Segment Start: Stored data
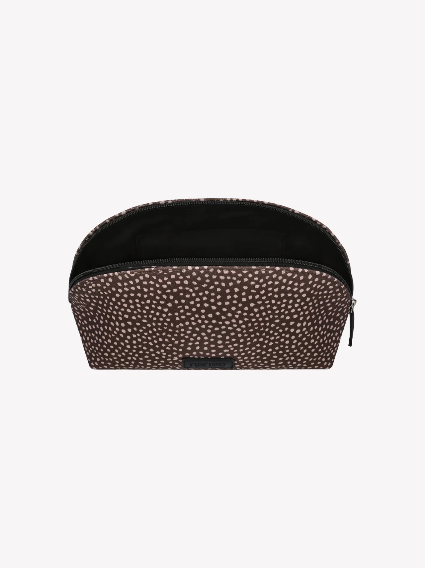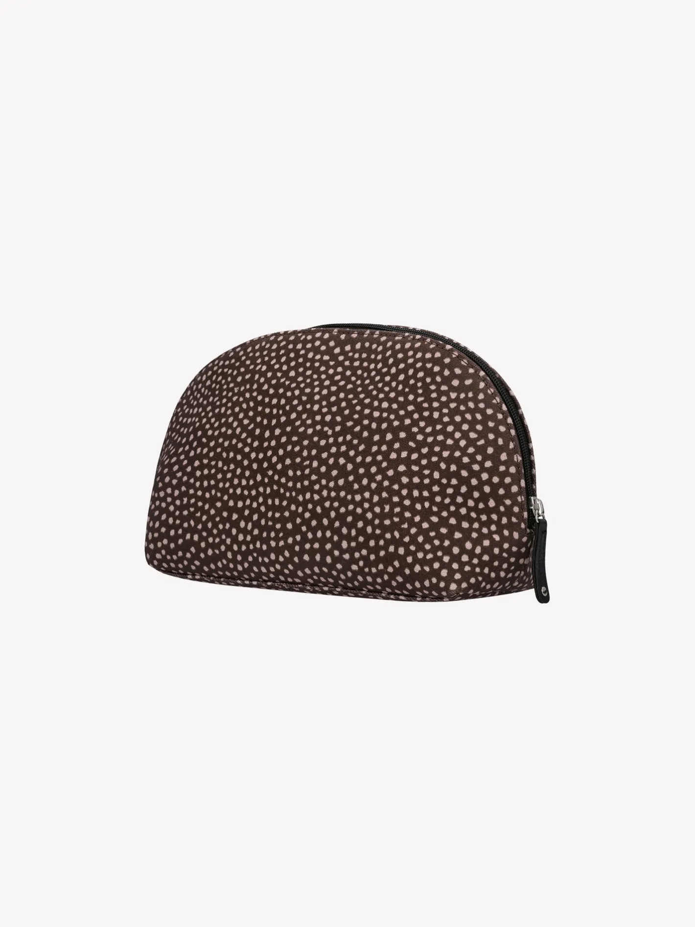 Nanson punaruskea Muru-kosmetiikkalaukku ihastuttavalla sirolla pilkkukuviolla. Muru-meikkipussin päällinen on jämäkkää puuvillaviskoosikangasta ja sisäpuolella on yksivärinen polyestervuorikangas. Kosmetiikkalaukun sisäpuolella on tasku ja päällä vetoketju. Kosmetiikkalaukun koko on noin 25 x 17 x 10 cm.
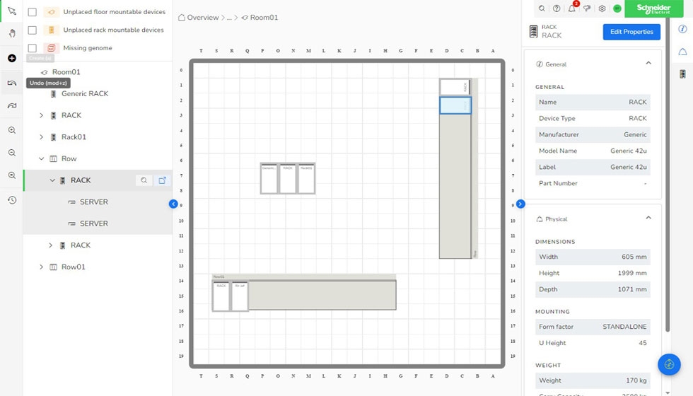 - Modellering på rackniveau giver mulighed for præcis allokering af strøm, køling og plads i hvert rack.
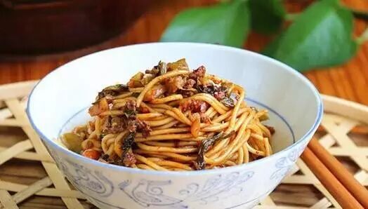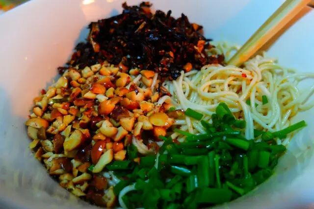 脆香的芝麻花生,咸中带甜的宜宾碎米芽菜,红通通的红油辣椒,还有香醋、酱油、芝麻……一层盖着一层,吃一筷子,咸鲜爽辣,唇齿留香。
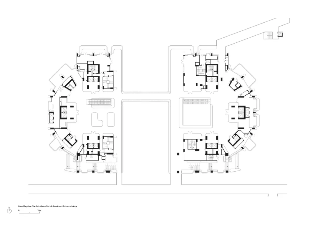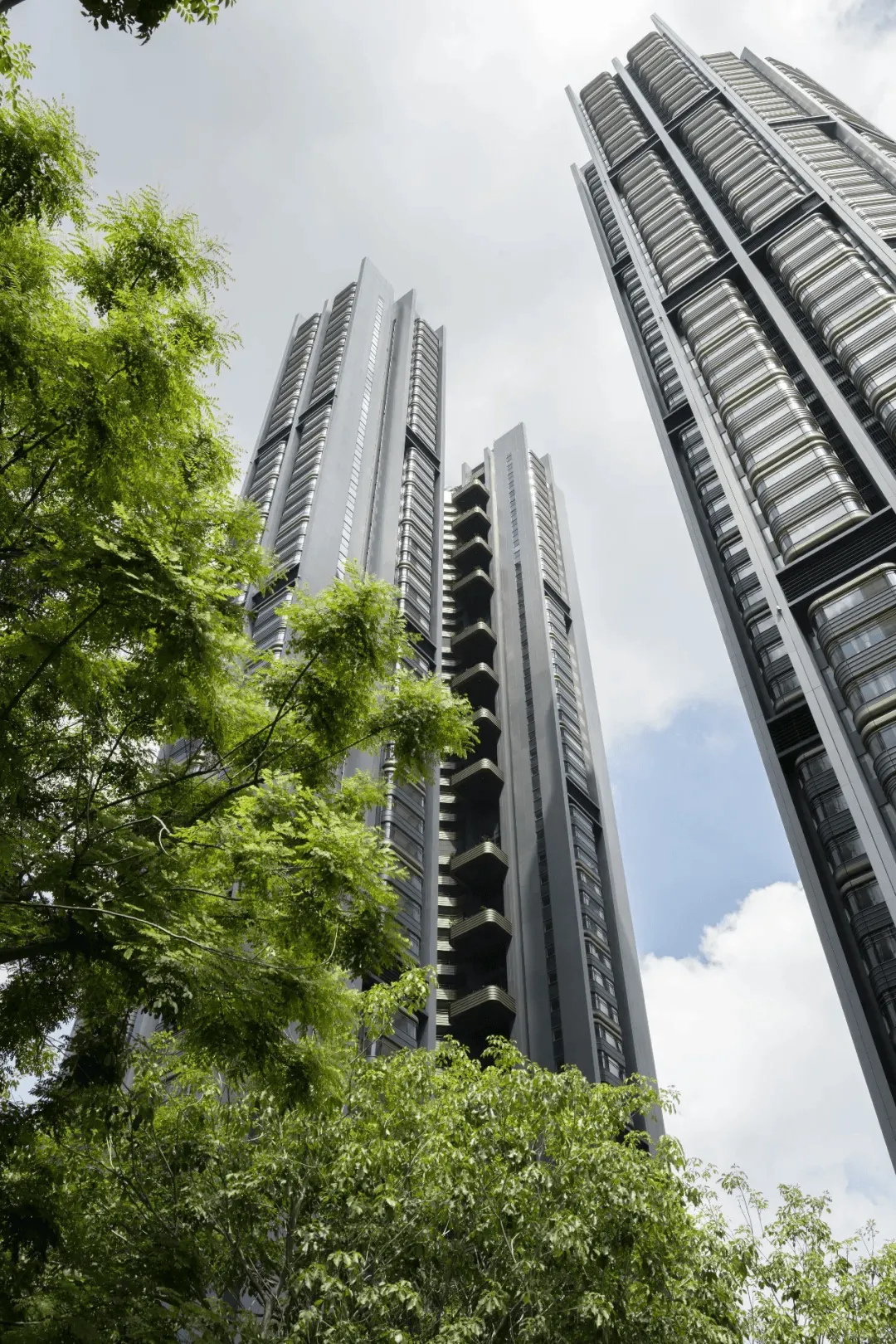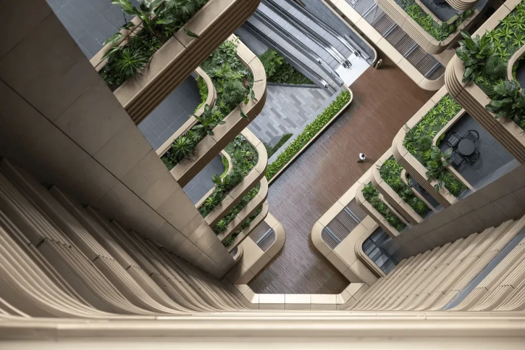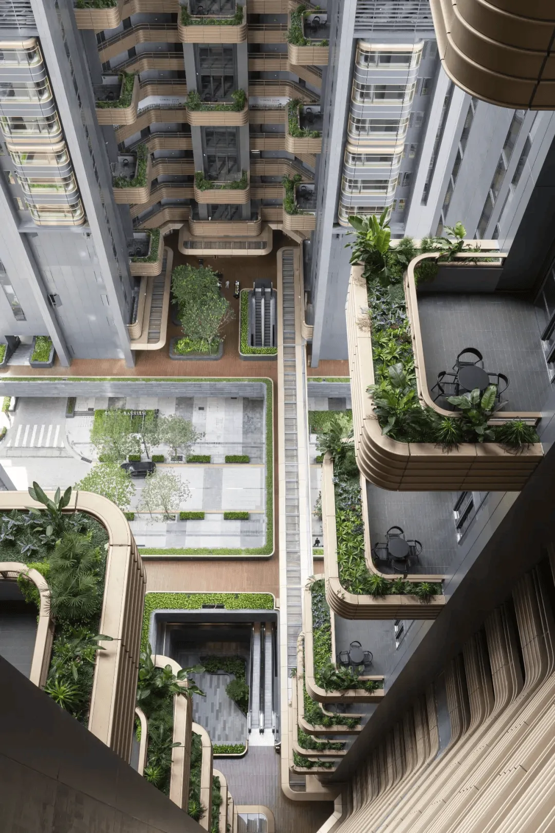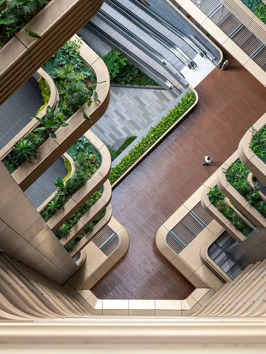两座公寓塔楼高达 180 米,通过一座大型半公共花园相连,该花园与周边绿地相接,在地面层拓展了项目的体验空间。二层的露台与桂湾的高架步行系统无缝衔接,为周边地块提供了过渡空间,并为公众打造了一处城市绿洲。
Segment End: Stored data
_Your instructions_: Except for the pictures, give the data again word for word.

_Exercise response_:
 Nanson punaruskea Muru-kosmetiikkalaukku ihastuttavalla sirolla pilkkukuviolla. Muru-meikkipussin päällinen on jämäkkää puuvillaviskoosikangasta ja sisäpuolella on yksivärinen polyestervuorikangas. Kosmetiikkalaukun sisäpuolella on tasku ja päällä vetoketju. Kosmetiikkalaukun koko on noin 25 x 17 x 10 cm.
 - Modellering på rackniveau giver mulighed for præcis allokering af strøm, køling og plads i hvert rack.
 脆香的芝麻花生,咸中带甜的宜宾碎米芽菜,红通通的红油辣椒,还有香醋、酱油、芝麻……一层盖着一层,吃一筷子,咸鲜爽辣,唇齿留香。
两座公寓塔楼高达 180 米,通过一座大型半公共花园相连,该花园与周边绿地相接,在地面层拓展了项目的体验空间。二层的露台与桂湾的高架步行系统无缝衔接,为周边地块提供了过渡空间,并为公众打造了一处城市绿洲。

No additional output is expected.